= Ruth Holton =

English soprano (born 1961)

Ruth Holton (born 1961) is an English soprano singer.

==Training==
Holton won a choral exhibition at Clare College, Cambridge and studied music there. Her later musical studies were with Elizabeth Lane, Nancy Long and Julie Kennard.

==Career==
Like several other former members of the Clare College choir, she joined the Cambridge Singers, founded by John Rutter, a previous director of music at Clare. She has also been recorded as a member of the Tallis Scholars.

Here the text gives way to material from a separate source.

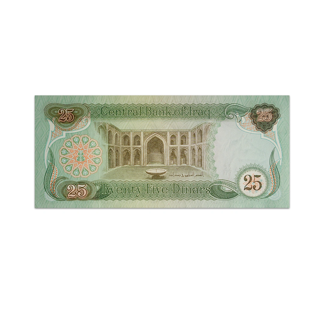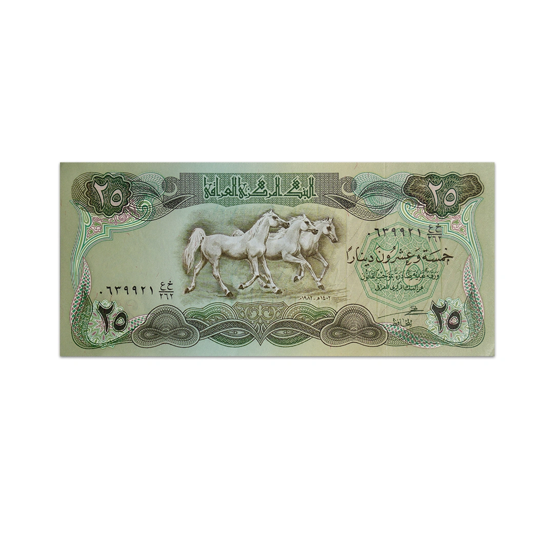 This Iraq 25 Dinar banknote from 1982 depicts three Arabian horses on the front design while the reverse side features the fountain in the courtyard of the Abbasid Palace in Baghdad. The note is 175 x 80 mm in size and contains a solid security thread and a horse head watermark for added security.

Holton is a frequent singer of baroque music and has performed or recorded with such early music specialists as John Eliot Gardiner, Ton Koopman and Gustav Leonhardt. Several critics have noted the light boyish qualities of her voice. Holton made her recording debut as a soloist in 1986 with Bach's St John Passion and between 2000 and 2001 took part in a project with Pieter Jan Leusink, the Netherlands Bach Collegium and the Holland Boys Choir to record all Bach's sacred cantatas as part of Brilliant Classics' complete Bach Edition. She participated in the project of Ton Koopman and the Amsterdam Baroque Orchestra & Choir to record Bach's complete vocal works. She has also worked with the choir of St. Thomas Church, Leipzig, where Bach was cantor, and took part in their televised performance of the Mass in B minor marking the 250th anniversary of the composer's death, as well as in an earlier broadcast of the St John Passion.

Other baroque composers she has recorded include Carissimi, Purcell and Handel. Among her work on later music are recordings of Mozart, Haydn and Schütz, a live performance of Dvořák's Stabat Mater, and performances and recordings of contemporary composers including John Adams, Steve Reich and new works by David Briggs, Howard Thomas, Matthew King, Brian Inglis and Guy Woolfenden. She has also given Lieder recitals, some of which have been broadcast by BBC Radio 3 or Westdeutscher Rundfunk.
Holton has appeared at events such as the Aldeburgh Festival and the Three Choirs Festival. In addition to performing, she has coached singers internationally, as well as having been head of vocal studies at St. Joseph's College, London.